Start of Block

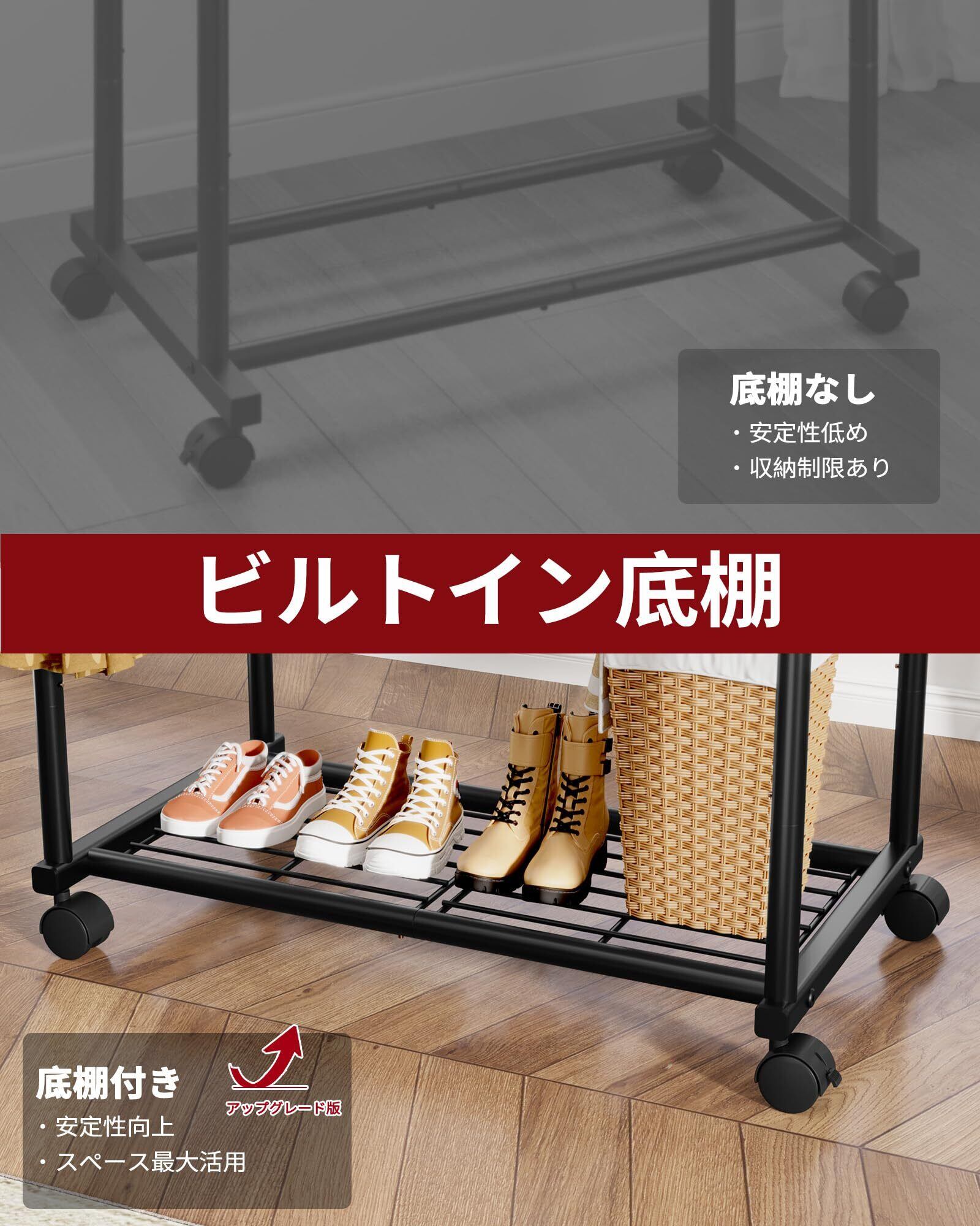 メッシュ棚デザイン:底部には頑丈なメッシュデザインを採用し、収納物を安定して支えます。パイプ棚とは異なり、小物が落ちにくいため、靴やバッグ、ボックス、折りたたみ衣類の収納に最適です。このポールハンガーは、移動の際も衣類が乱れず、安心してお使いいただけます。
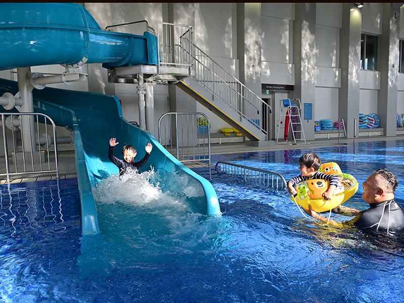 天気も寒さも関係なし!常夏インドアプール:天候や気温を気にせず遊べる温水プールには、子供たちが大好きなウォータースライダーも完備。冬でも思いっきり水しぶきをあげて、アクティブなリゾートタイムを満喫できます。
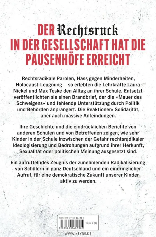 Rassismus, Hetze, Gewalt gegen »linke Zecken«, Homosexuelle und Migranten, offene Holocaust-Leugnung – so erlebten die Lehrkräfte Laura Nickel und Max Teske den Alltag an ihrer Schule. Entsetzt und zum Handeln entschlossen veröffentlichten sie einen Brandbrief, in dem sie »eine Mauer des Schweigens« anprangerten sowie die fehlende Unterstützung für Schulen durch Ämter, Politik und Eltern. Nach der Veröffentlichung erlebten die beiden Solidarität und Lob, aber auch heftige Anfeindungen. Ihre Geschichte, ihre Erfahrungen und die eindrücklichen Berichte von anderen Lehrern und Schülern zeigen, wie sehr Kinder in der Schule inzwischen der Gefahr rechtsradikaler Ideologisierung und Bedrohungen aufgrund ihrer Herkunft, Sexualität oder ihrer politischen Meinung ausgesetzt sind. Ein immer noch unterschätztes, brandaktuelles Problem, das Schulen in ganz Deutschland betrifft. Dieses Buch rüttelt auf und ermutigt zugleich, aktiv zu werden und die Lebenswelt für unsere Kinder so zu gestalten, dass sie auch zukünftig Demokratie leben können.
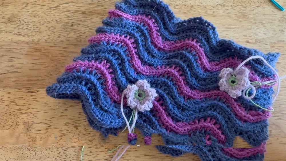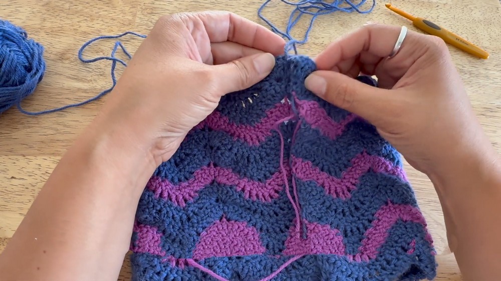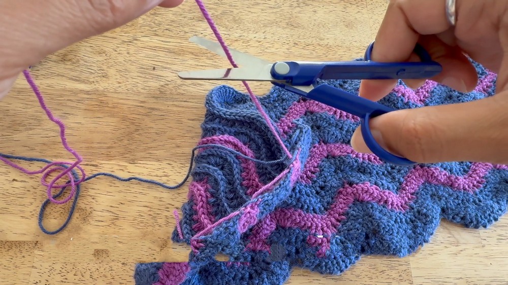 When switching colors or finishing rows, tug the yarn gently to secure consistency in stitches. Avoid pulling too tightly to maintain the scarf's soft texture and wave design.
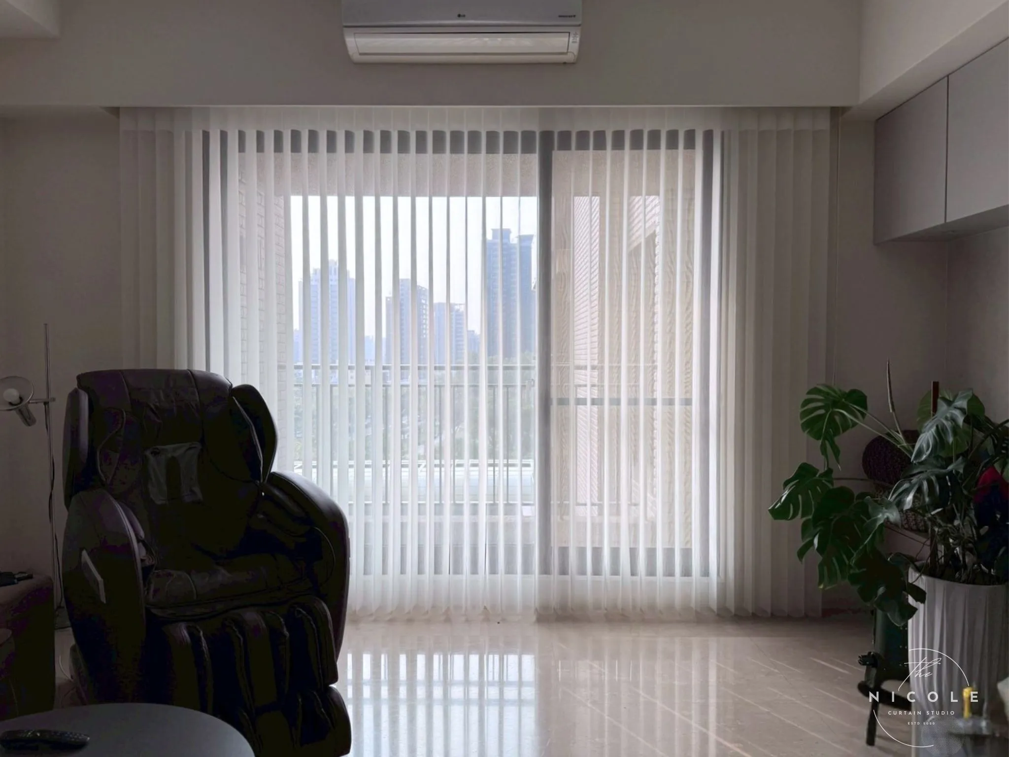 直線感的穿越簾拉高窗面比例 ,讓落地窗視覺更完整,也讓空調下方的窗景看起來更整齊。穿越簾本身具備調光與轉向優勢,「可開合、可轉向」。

End of Block
Start of Block

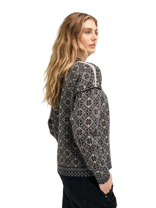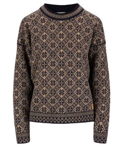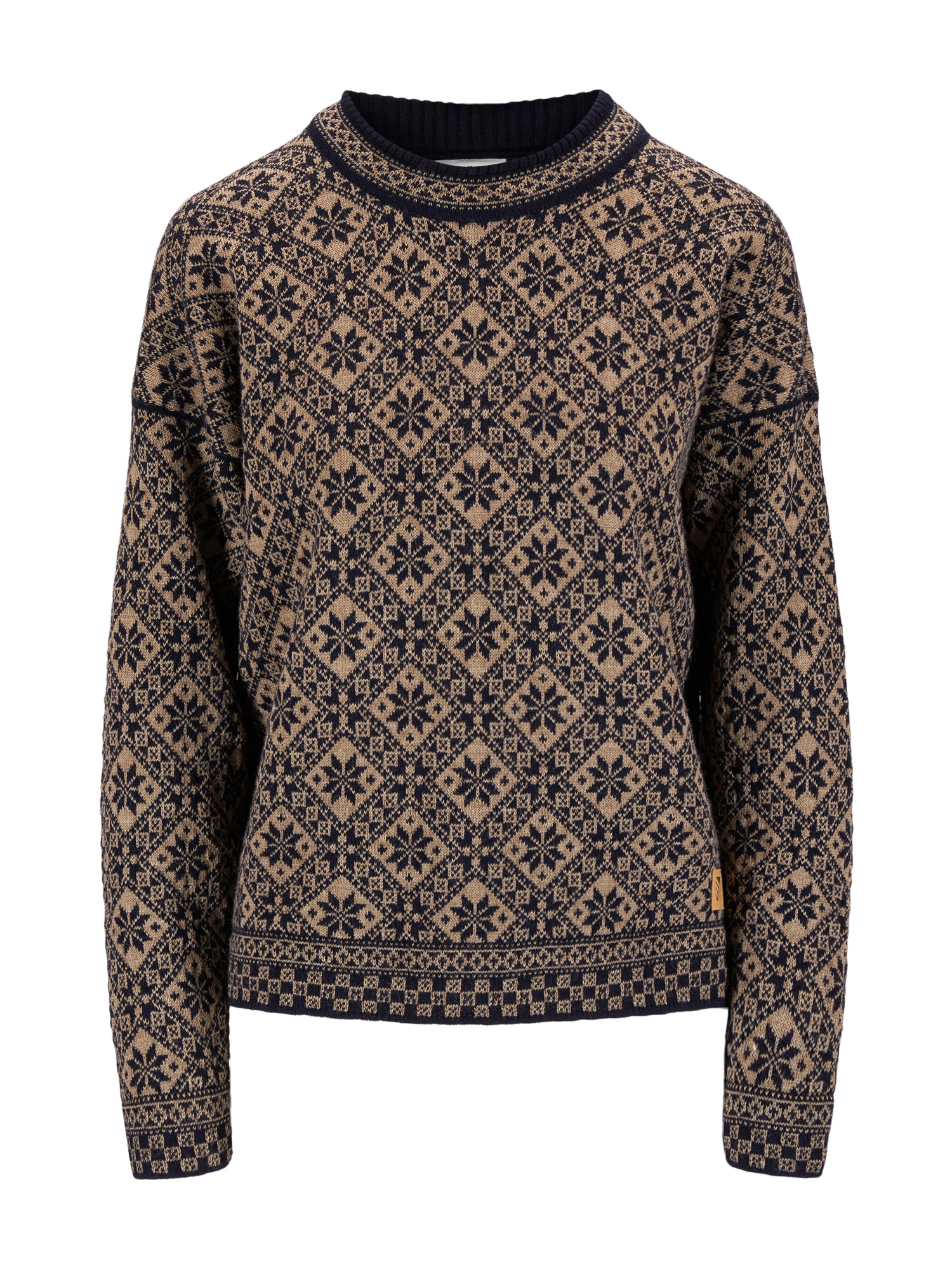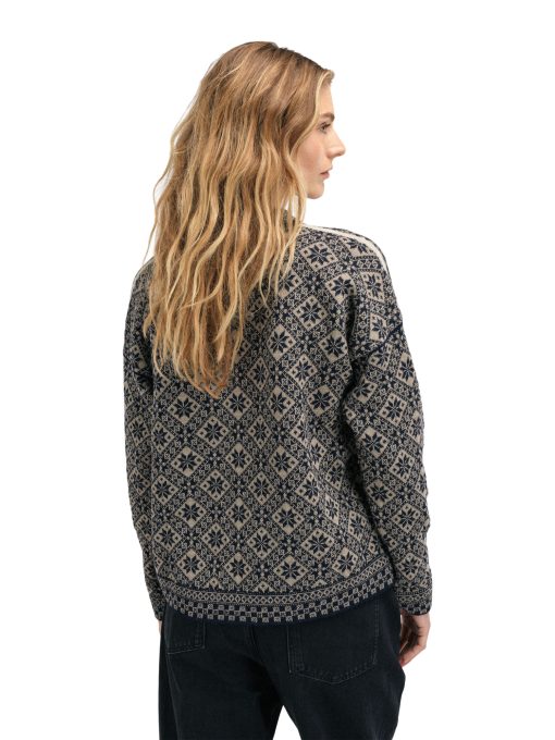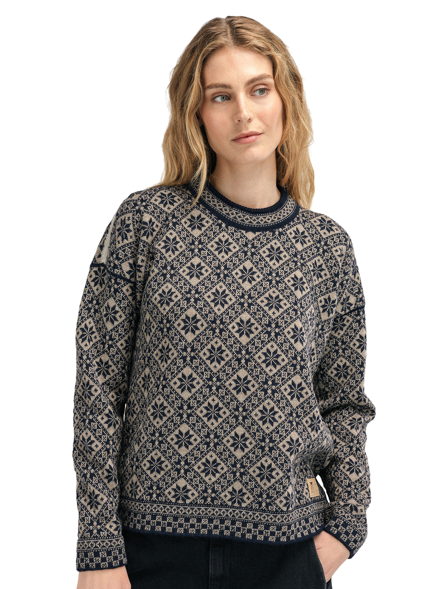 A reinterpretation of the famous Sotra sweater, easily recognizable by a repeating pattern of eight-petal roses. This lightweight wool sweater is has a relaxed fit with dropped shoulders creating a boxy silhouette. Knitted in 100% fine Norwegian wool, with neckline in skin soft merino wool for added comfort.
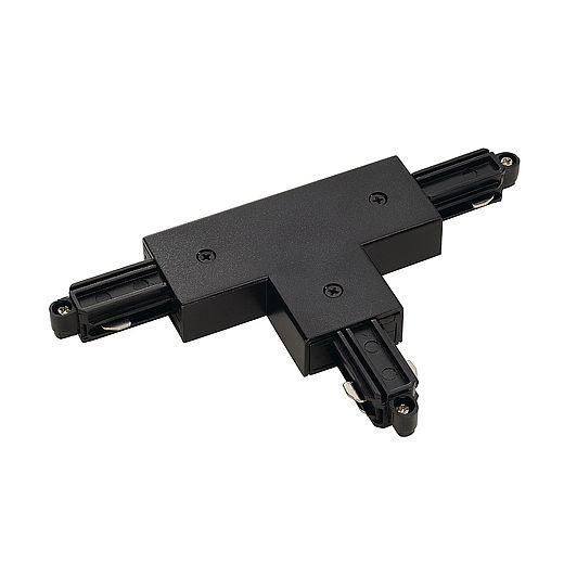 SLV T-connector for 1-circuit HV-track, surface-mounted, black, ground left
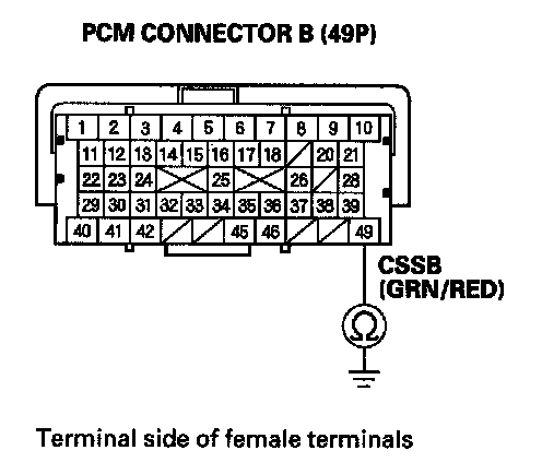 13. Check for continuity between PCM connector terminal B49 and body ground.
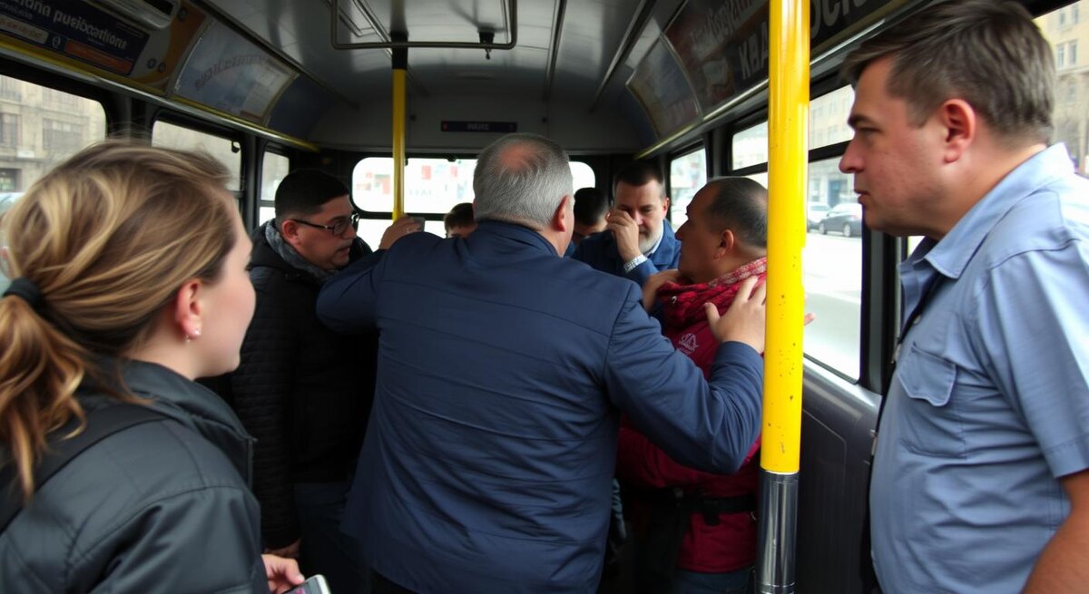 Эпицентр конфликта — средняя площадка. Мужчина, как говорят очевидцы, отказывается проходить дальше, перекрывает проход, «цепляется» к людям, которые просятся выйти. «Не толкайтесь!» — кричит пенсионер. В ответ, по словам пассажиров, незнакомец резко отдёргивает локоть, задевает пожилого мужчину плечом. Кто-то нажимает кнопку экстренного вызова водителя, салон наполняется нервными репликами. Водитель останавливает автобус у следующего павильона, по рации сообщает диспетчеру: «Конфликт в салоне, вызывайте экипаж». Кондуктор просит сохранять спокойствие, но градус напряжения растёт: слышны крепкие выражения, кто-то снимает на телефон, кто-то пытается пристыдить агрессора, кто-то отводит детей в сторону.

End of Block

> _What you should do_:
From the records above, write out exactly the lines that begin at the line with "A reinterpretation of" and end at the line with "SLV T-connector for". Pictures must not appear in the output.

> _Exercise answer_:
 A reinterpretation of the famous Sotra sweater, easily recognizable by a repeating pattern of eight-petal roses. This lightweight wool sweater is has a relaxed fit with dropped shoulders creating a boxy silhouette. Knitted in 100% fine Norwegian wool, with neckline in skin soft merino wool for added comfort.
 SLV T-connector for 1-circuit HV-track, surface-mounted, black, ground left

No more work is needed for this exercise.